Every Heart a Doorway by Seanan McGuire
My rating: 4 of 5 stars
Eleanor West’s Home for Wayward Children
No Solicitations
No Visitors
No QuestsChildren have always disappeared under the right conditions; slipping through the shadows under a bed or at the back of a wardrobe, tumbling down rabbit holes and into old wells, and emerging somewhere… else.
But magical lands have little need for used-up miracle children.
Nancy tumbled once, but now she’s back. The things she’s experienced… they change a person. The children under Miss West’s care understand all too well. And each of them is seeking a way back to their own fantasy world.

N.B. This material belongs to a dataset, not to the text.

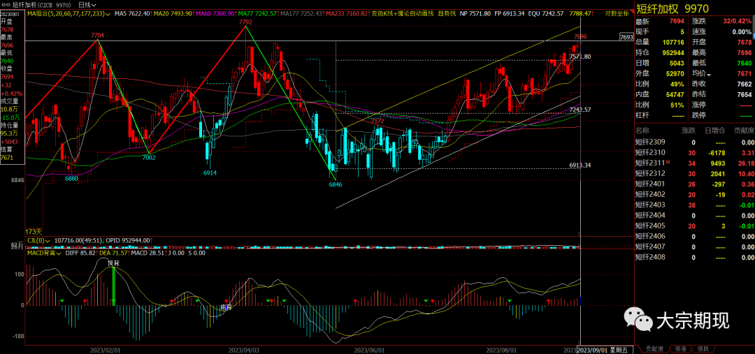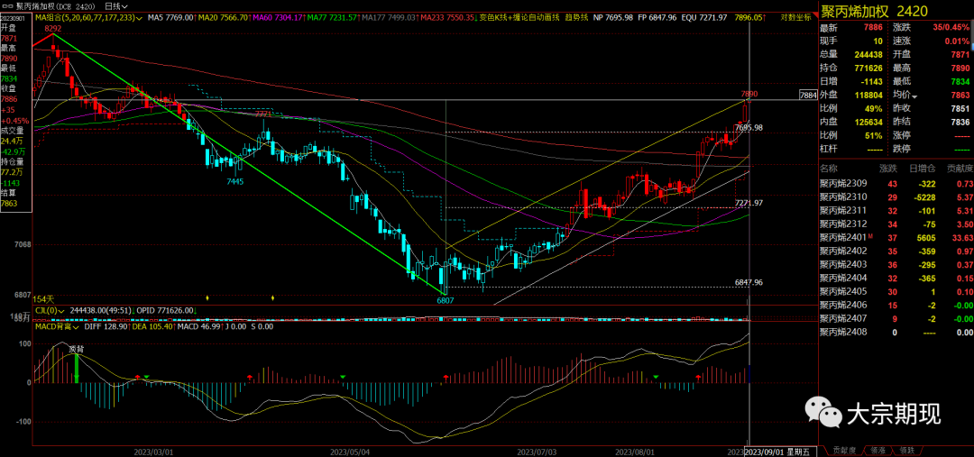 聚酯:重回上涨通道后延续上涨,MEG弱于PT,但A;

But Nancy’s arrival marks a change at the Home. There’s a darkness just around each corner, and when tragedy strikes, it’s up to Nancy and her new-found schoolmates to get to the heart of things.
No matter the cost.
For those who wondered what happened after the story, Every Heart a Doorway presents an answer. The plotline follows a sort of rehab facility where kids who have traveled to other worlds and, for one reason or another, returned back live and try to move on. The story begins with the arrival of Nancy, who had been to an Underworld, and changed by it. She doesn’t know how to navigate this living breathing world where the rules are so different that she can’t cope. So, when she arrives at Eleanor West (who herself was one such Wayward child) she is surprised but wary that there are other people like her out there. Told from a third perspective, it mostly focuses on Nancy, but sometimes it focuses on other characters too.
The book, while short, devotes itself to three aspects – the rules of the world and world-building, the stories some of the kids came from, and finally a series of murders that begin the next day after Nancy’s arrival. A big drawback of the book is its length. 176 pages felt too less of a time to explore the various themes that the books presents. Nancy’s asexuality is a theme that is explored – she explains over and over to her new friends what her asexuality means with respect to dating and relationships. Kade’s gender identity is also a topic that is juxtaposed against the rules of the world. The writing frequently calls for an understanding of differences, an acceptance of rules in some instances and disregard in some instances. The main theme, though, is having someone or something understand you wholly and the universe bending for you to meet or be in that place.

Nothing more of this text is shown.